I'm assuming you only occasionally index such large files? Increasing the time-out temporarily might just be simplest option.
Split the file
Here's the simple unix script that will do the job (Splitting the file in 500,000 line chunks):
split -d -l 500000 data.csv split_files.
for file in `ls split_files.*`
do
curl 'http://localhost:8983/solr/update/csv?fieldnames=id,name,category&commit=true' -H 'Content-type:text/plain; charset=utf-8' --data-binary #$file
done
Parse the file and load in chunks
The following groovy script uses opencsv and solrj to parse the CSV file and commit changes to Solr every 500,000 lines.

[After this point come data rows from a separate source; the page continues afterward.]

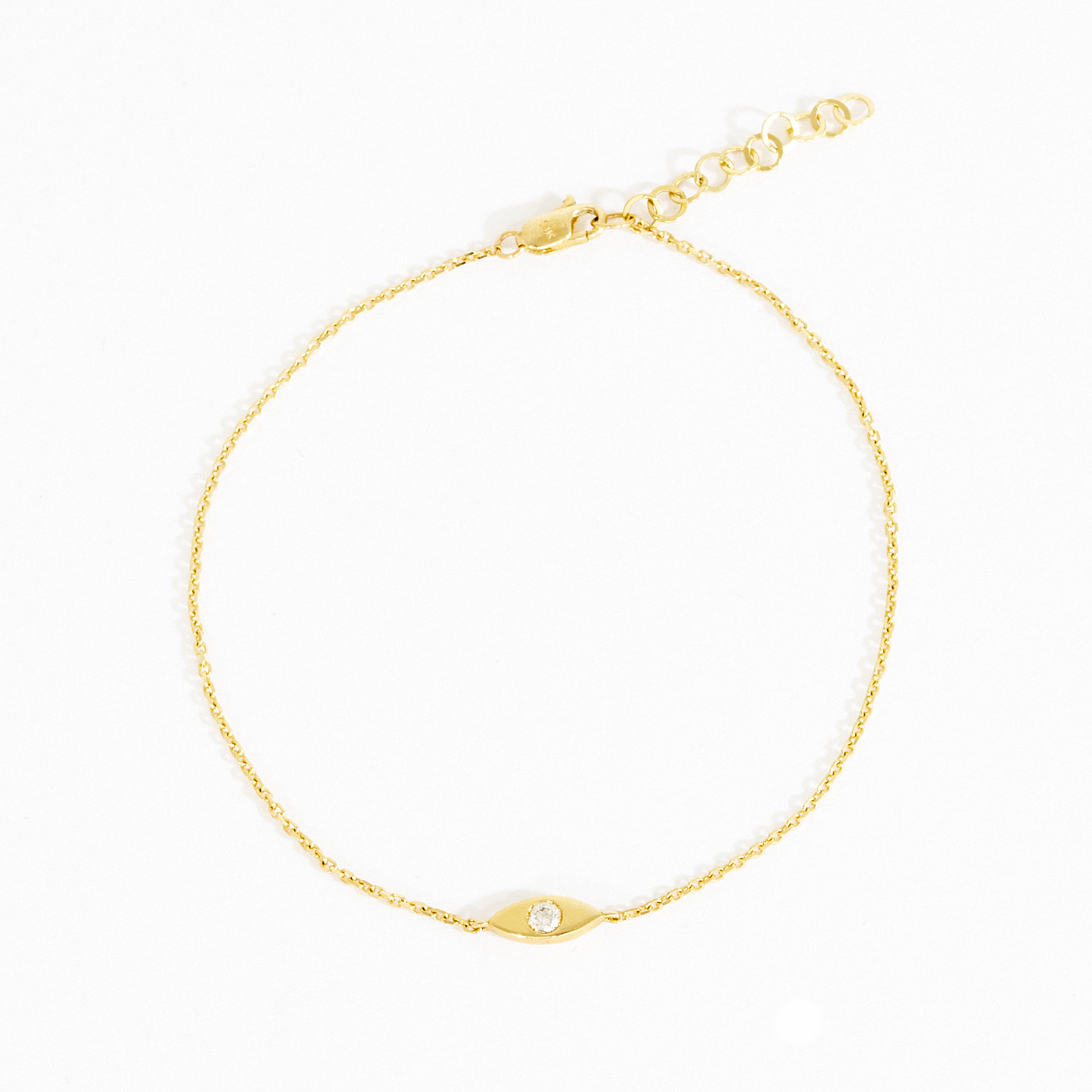 For the spiritual and trendy who are looking for a simple everyday accessory to wrap around their wrist. Handcrafted in 14k solid gold, the polished evil eye charm is centered with a single diamond for a delicate design. The perfect everyday bracelet that can be worn alone or layered with other dainty pieces.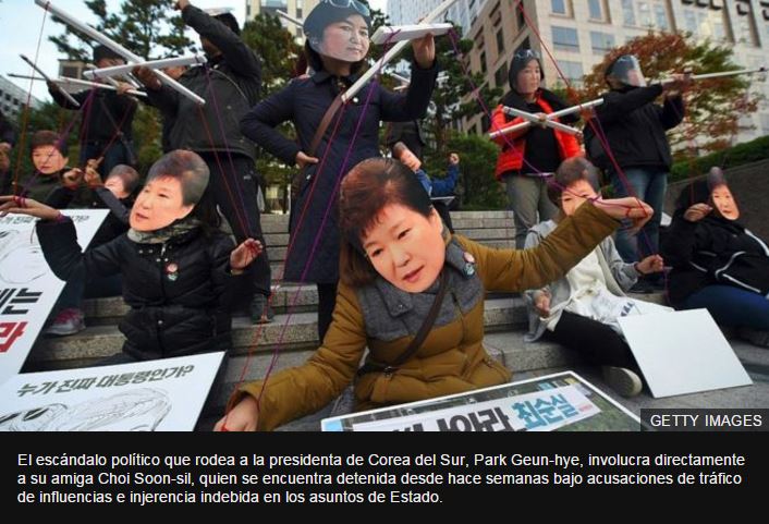 “En las primeras etapas del escándalo, los rumores decían que la presidenta podría estar participando en rituales de culto con su vieja amiga Choe Soon-sil, con quien ya cortó toda conexión”, amplía Evans.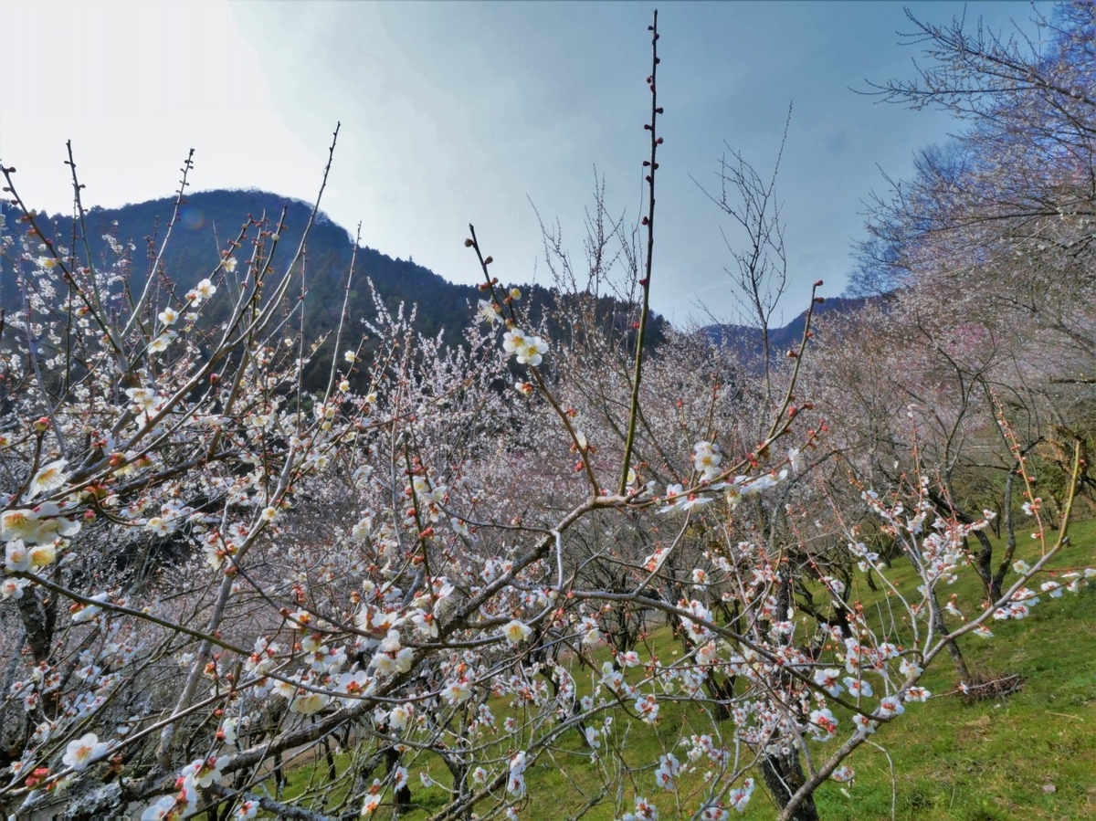 木下沢梅林は丘陵を梅の花が埋め尽くし山々の景色の中で輝いていた。園内のトレッキングコースを登ったところにあるベンチ、、、梅の香りに包まれて幸せだった。

import au.com.bytecode.opencsv.CSVReader
import org.apache.solr.client.solrj.SolrServer
import org.apache.solr.client.solrj.impl.CommonsHttpSolrServer
import org.apache.solr.common.SolrInputDocument
#Grapes([
#Grab(group='net.sf.opencsv', module='opencsv', version='2.3'),
#Grab(group='org.apache.solr', module='solr-solrj', version='3.5.0'),
#Grab(group='ch.qos.logback', module='logback-classic', version='1.0.0'),
])
SolrServer server = new CommonsHttpSolrServer("http://localhost:8983/solr/");
new File("data.csv").withReader { reader ->
CSVReader csv = new CSVReader(reader)
String[] result
Integer count = 1
Integer chunkSize = 500000
while (result = csv.readNext()) {
SolrInputDocument doc = new SolrInputDocument();
doc.addField("id", result[0])
doc.addField("name_s", result[1])
doc.addField("category_s", result[2])
server.add(doc)
if (count.mod(chunkSize) == 0) {
server.commit()
}
count++
}
server.commit()
}
In SOLR 4.0 (currently in BETA), CSV's from a local directory can be imported directly using the UpdateHandler. Modifying the example from the SOLR Wiki
curl http://localhost:8983/solr/update?stream.file=exampledocs/books.csv&stream.contentType=text/csv;charset=utf-8
And this streams the file from the local location, so no need to chunk it up and POST it via HTTP.
Above answers have explained really well the ingestion strategies from single machine.

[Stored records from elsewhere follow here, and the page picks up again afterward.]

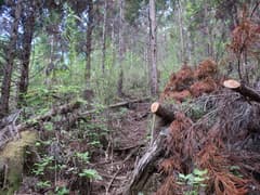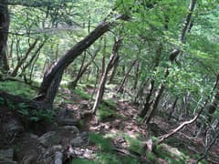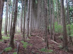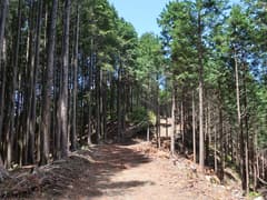 しばらく緩い登りが続くが、若い杉植林帯に入ると傾斜が強まり、小藪が煩くなる。縦横に付けられたけもの道を拾って登ると、林道横平線に出る。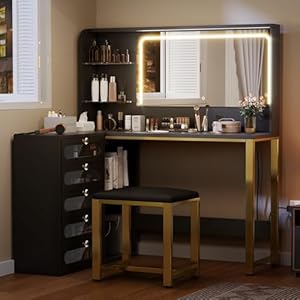 Space-saving L-shaped Corner Vanity: Maximize your space with this 48″ L-shaped corner vanity table! Its unique design not only saves space but also adds a cozy, aesthetic touch to your room. Ideal for creating a stylish and efficient beauty nook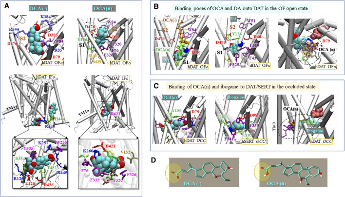 FIGURE 6. OCA binding to DAT depends on its protonation state and on DAT conformation. (A) Binding of negatively charged (left) and neutral (right) OCA (cyan) to hDAT in the OFo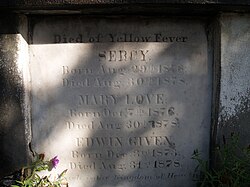 - ^ "Tour Stop 1 - Yellow Fever Victims - Tour - Oakland Cemetery - Shreveport - Louisiana - Founded 1847". www.oaklandcemeteryla.org. Archived from the original on 28 September 2018. Retrieved 28 September 2018.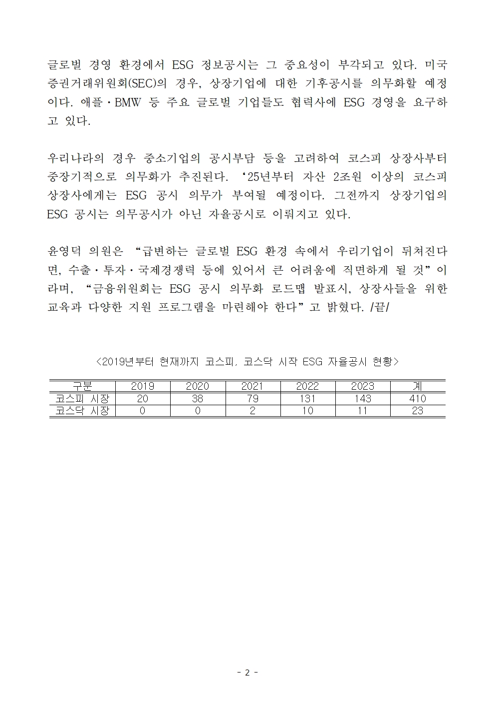 [윤영덕의원 국감 보도자료]코스피 상장사의 ESG 자율 공시 성적은?

Few more options if you have big data infrastructure in place and want to implement distributed data ingestion pipeline.
Use sqoop to bring data to hadoop or place your csv file manually in hadoop.
Use one of below connector to ingest data:
hive- solr connector, spark- solr connector.
PS:
Make sure no firewall blocks connectivity between client nodes and solr/solrcloud nodes.
Choose right directory factory for data ingestion, if near real time search is not required then use StandardDirectoryFactory.
If you get below exception in client logs during ingestion then tune autoCommit and autoSoftCommit configuration in solrconfig.xml file.
SolrServerException: No live SolrServers available to handle this
request
Definitely just load these into a normal database first. There's all sorts of tools for dealing with CSVs (for example, postgres' COPY), so it should be easy. Using Data Import Handler is also pretty simple, so this seems like the most friction-free way to load your data. This method will also be faster since you won't have unnecessary network/HTTP overhead.
The reference guide says ConcurrentUpdateSolrServer could/should be used for bulk updates.
Javadocs are somewhat incorrect (v 3.6.2, v 4.7.0):
ConcurrentUpdateSolrServer buffers all added documents and writes them into open HTTP connections.
It doesn't buffer indefinitely, but up to int queueSize, which is a constructor parameter.